Sample statistics for testing H1–H5.

Source: authors’ computation based on sample in (Bughin [7]) across all use cases

Variables

Average (%)

Standard deviation (%)

Coeff variation (%)

DIG

46.0

38.9

84.6

BD

30.0

28.0

93.3

ARCH

42.3

20.0

47.3

ORG

63.5

31.0

48.8

BDIT

0.9

1.2

133.3

BDHT

1.1

1.0

90.9

CASE

38.3

31.0

89.8

The econometric model

We postulate a function in log form, so as to account for the skewed distribution of most of the variables, as in the generic Eq. (1), for each use case, p:
$${\text{LOG}}(1 + {\text{BDIMPACT}})_{i,p} = {\text{cst}} + {\text{LOG}}\left( {{\text{F}}^{\prime } ,{\text{M}}^{\prime } } \right)_{i,p} \, + u_{i,p}$$
(1)
where cst is a constant term to be estimated, u is a disturbance term assumed to be normally distributed across companies and F′ = F′(BD,DIG), and M′ = M′(BDIT,BDHC,ORG,ARCH,CASE) are two vectors of regressors.

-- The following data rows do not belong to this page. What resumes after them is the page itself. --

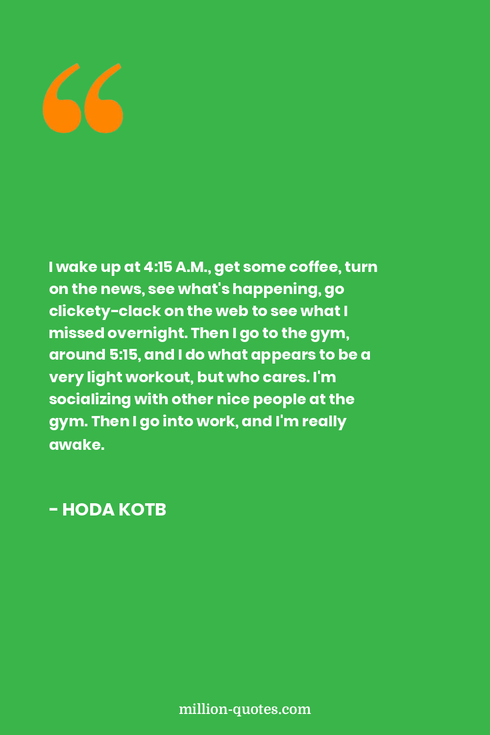 I wake up at 4:15 A.M., get some coffee, turn on the news, see what's happening, go clickety-clack on the web to see what I missed overnight. Then I go to the gym, around 5:15, and I do what appears to be a very light workout, but who cares. I'm socializing with other nice people at the gym. Then I go into work, and I'm really awake.
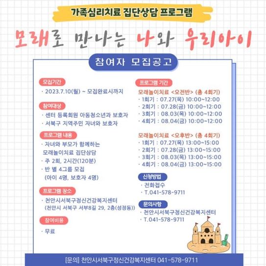[제주교통복지신문 김강석 기자] 천안시 서북구정신건강복지센터가 여름방학을 맞아 부모와 자녀가 함께하는 집단모래놀이치료 프로그램을 운영한다고 17일 밝혔다.
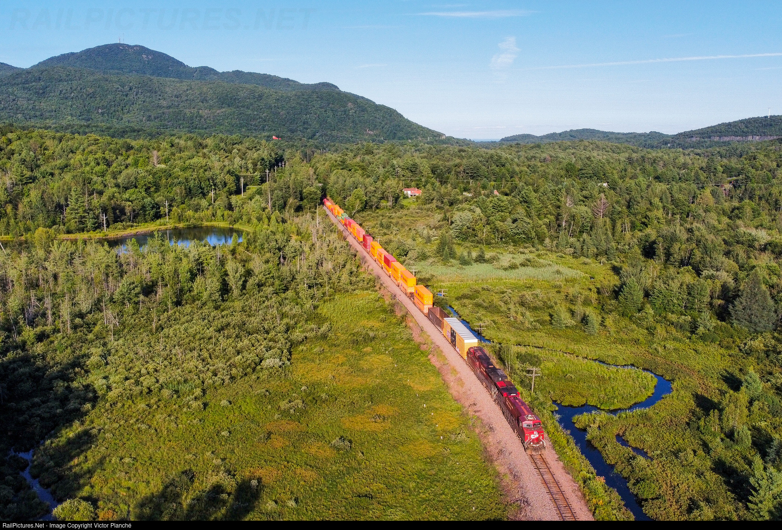CPKC train 121 has just passed the Orford area and continue its trip towards Farnham and Montréal.
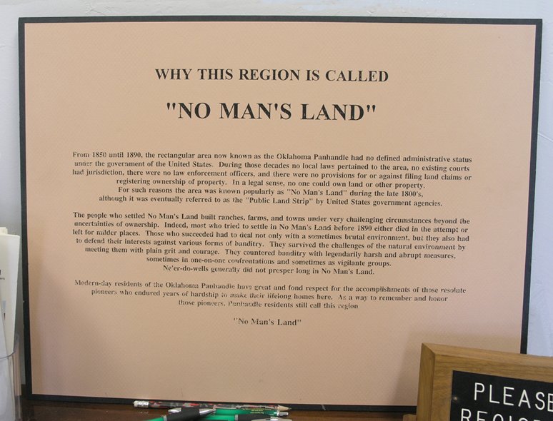 In the mid 1880s drought and depression caused many to leave heavily mortgaged farmlands in western Kansas. They became squatters in what was in time to become the Oklahoma Panhandle. Townsites were organized and trade centers and villages began to spring up. While the settlers could not receive legal title to the land they settled, precedents in other territorial regions indicated the Federal Government would in time recognize "Squatter's Rights." Under the leadership of Dr. Owen G. Chase, the settlers of No Man's Land began to think of the possibility of establishing a territory. Congress felt the planned Cimarron Territory was not large enough to justify the creation of a territory, and in 1890 No Man's Land was attached to Oklahoma Territory becoming known as Beaver County. No Man's Land Museum chronicles the struggles of the settlers as they established their own government and developed their communities. The museum is operated by the No Man's Land Historical Society.
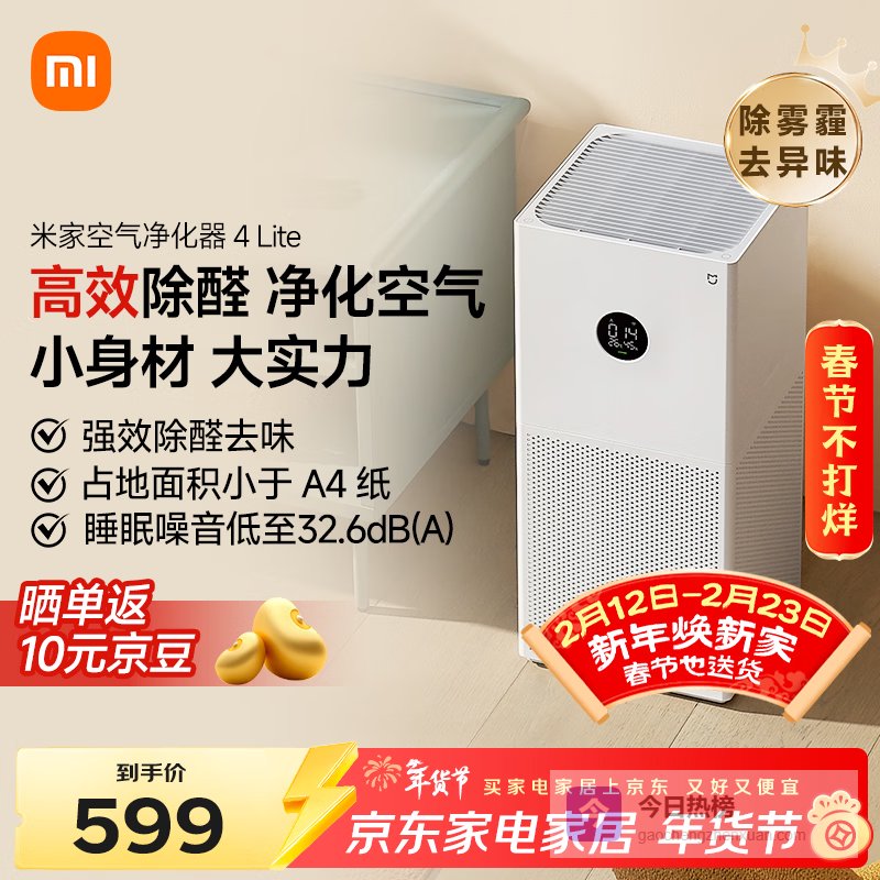 【京东自营】米家小米空气净化器4lite除甲醛除菌除异味空气伴侣除PM2.5AC-M17-SC¥
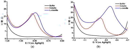 Differential pulse voltammetry responses of the Brdička supporting electrolyte in the absence and the presence of L-cysteine using the AgBiNf/Cu modified electrode is displayed in Figure 4a. A reduction peak at −0.93 V (red curve), attributable to Co, was also observed. After addition of the l-cysteine peptide, the Co reduction peak was shifted about 0.2 V towards less negative potentials (blue curve). This behavior could be associated with the formation of the Co–Cys complex and reduction of Co from the complex, which requires less energy than its reduction in the absence of the peptide []. Similar behavior was observed using the AgHgNf/Cu electrode (Figure 4b).
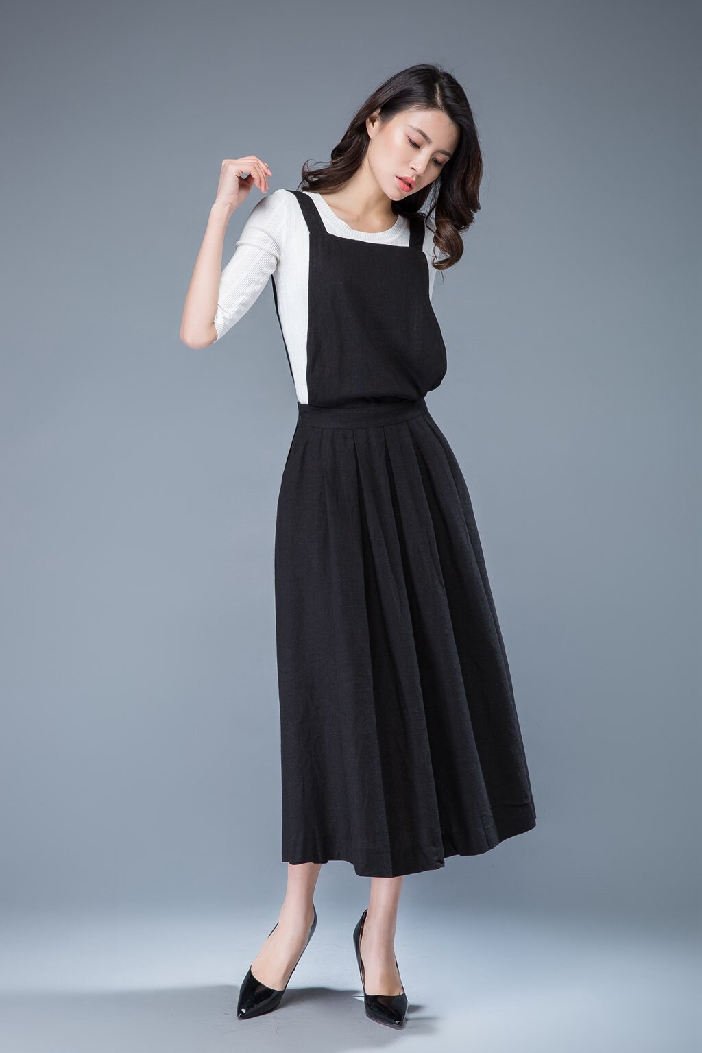Black Linen Pinafore Dress - Sleeveless A-Line Apron Midi Dress wit...
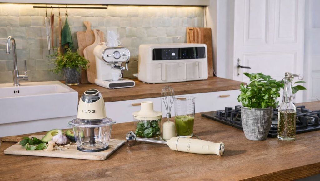 Wat deze staafmixerset onderscheidt van een losse staafmixer, is de veelzijdigheid. Je krijgt niet alleen de mixervoet, maar ook extra accessoires die je daadwerkelijk gaat gebruiken. De hakmolen is daar een goed voorbeeld van. Uien, knoflook, noten of kruiden hakken gaat snel en zonder tranen of geplette vingers. Het resultaat is gelijkmatig, wat vooral fijn is als je van koken houdt en controle wilt over textuur.
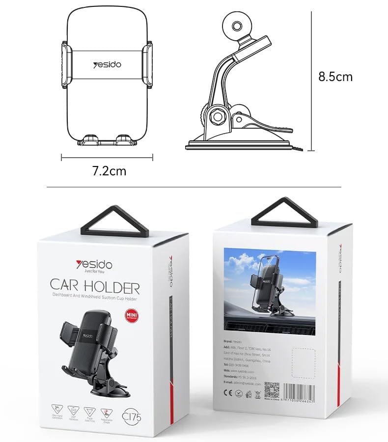 - [قاعدة شفط قوية لتثبيت ثابت]: يأتي الحامل بقاعدة شفط متينة تلتصق بإحكام على التابلوه أو الزجاج الأمامي، مما يمنحك تثبيتًا فائق الثبات حتى في القيادة على الطرق غير المستوية. يوفر أمانًا كاملاً لهاتفك أثناء الرحلات الطويلة أو اليومية.
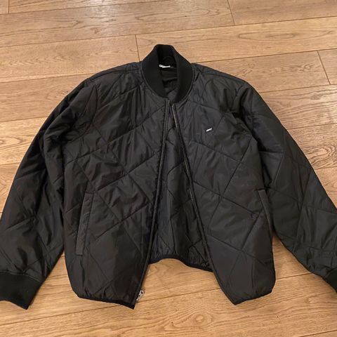 Selger en svart OBEY pufferjakke i størrelse L. Varm, komfortabel og perfekt til høst og vinter. Clean og minimalistisk design med OBEY-logo på brystet.
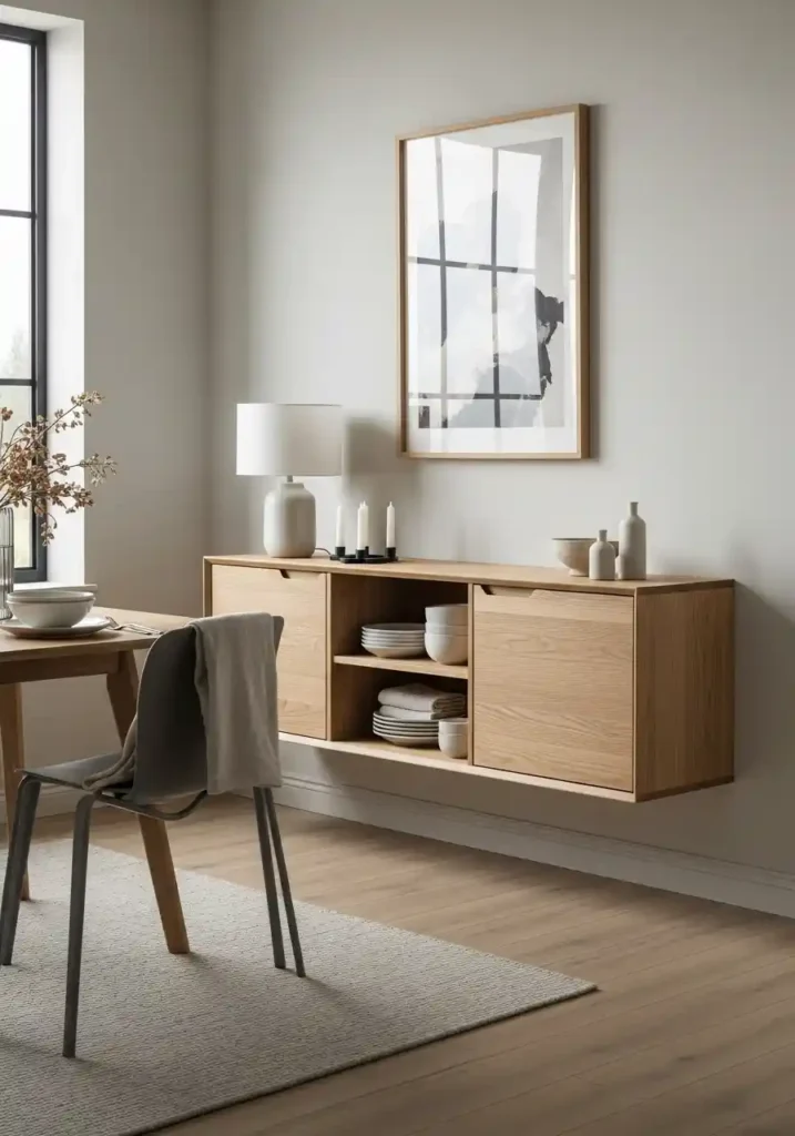 A wall-mounted floating sideboard in a small dining room is the storage solution that delivers the most complete and the most permanently effective combination of generous dining room storage and maximum visual floor space — because a floating sideboard with no legs beneath it allows the eye to read the floor area beneath the cabinet as open, unoccupied floor rather than as storage furniture footprint, creating the consistent visual impression of more floor space than the room actually possesses. The floating sideboard provides the same storage capacity as a legged equivalent while consuming dramatically less perceived floor space in the compact dining room.
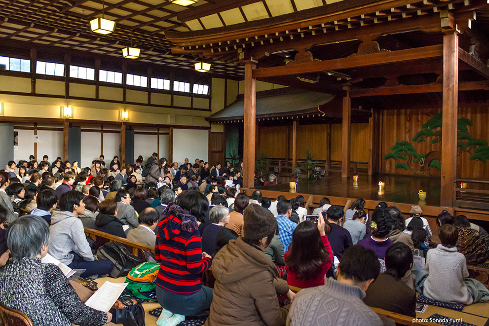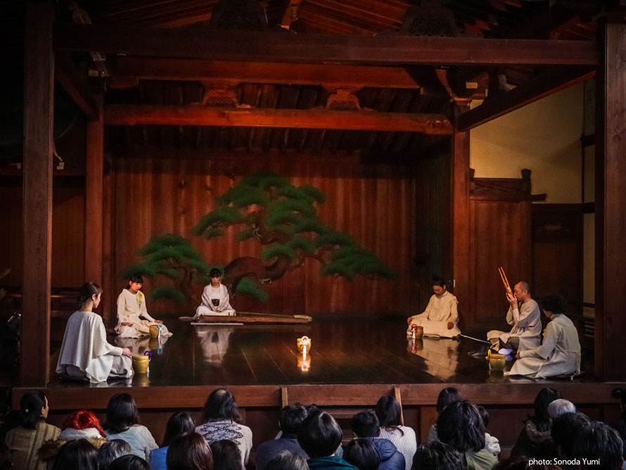 ソーシャルアートラボでは、地域資源の発掘と新たな発信方法の提案にも力を入れています。今年度は、九州の象徴とも言える焼酎の醗酵音響を素材とした神楽の創作上演を行いました。現代神楽「甕の音なひ」は、焼酎、そして焼酎を取り巻く文化を、テクノロジーとアートによってとらえ直し、新たな発信力を持たせる斬新な試みです。公演は、博多住吉神社の能楽殿で行われました。
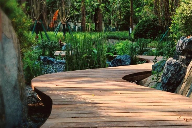 此次改造利用场地内的地形差,在林下增设一处雨水花园,雨水花园内的植物和土壤既能起到过滤雨水污染物的作用,也可以为鸟类和昆虫提供栖息地,创造出生境功效,保护生物多样性。此外,木栈道穿过雨水花园,也丰富了游览路径。
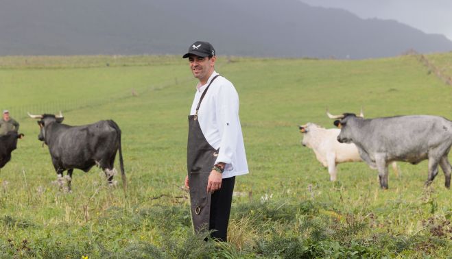 "Es una carne muy noble, con más infiltración de grasa que, por ejemplo, la retinta. Precisa muy poco tiempo de lumbre, poca elaboración. Es mucho más jugosa que la carne de vacuno convencional. Es una maravilla para disfrutarla, para comerla, pero también para trabajarla en la cocina".

Controlling for possible biases

Estimating (1) above by a traditional OLS procedure may be subject to two biases, one linked to sample self-selection; the other, to endogeneity issues. Concerning the later, ex post returns are most probably correlated with ex ante returns, which themselves influence the decision to adopt big data (see above as per game-theoretical models of adoption). Concerning the former, telecom companies which are early adopters of technology may also be getting more returns to big data, because they are generally more efficient than average. This sample selection has been found to be significant, in the case of big data [9].

Accordingly, we are thus made endogenous, the variable, BD, and we postulate the following equation:
$$\left( {\text{BD}} \right)_{i,p} = {\text{cst}} + b \cdot \left( {\text{DIG}} \right) + c \cdot \left( {\text{SPILLOVER}} \right)_{i,p} + r_{i,p}$$
(2)
where cst is a constant, b and c are parameters to be estimated, r is a disturbance term assumed to be randomly distributed. We expect b > 0 as per H2 above. SPILLOVER i,p is the proportion of other telecom companies (j ≠ i) which have invested as well in project type p of big data. This variable captures the rivalry effect as per game theoretical models of adoption [22]. Another rationale is that SPILLOVER captures a common external factor market (e.g. [28]). Hence, we should expect c > 0.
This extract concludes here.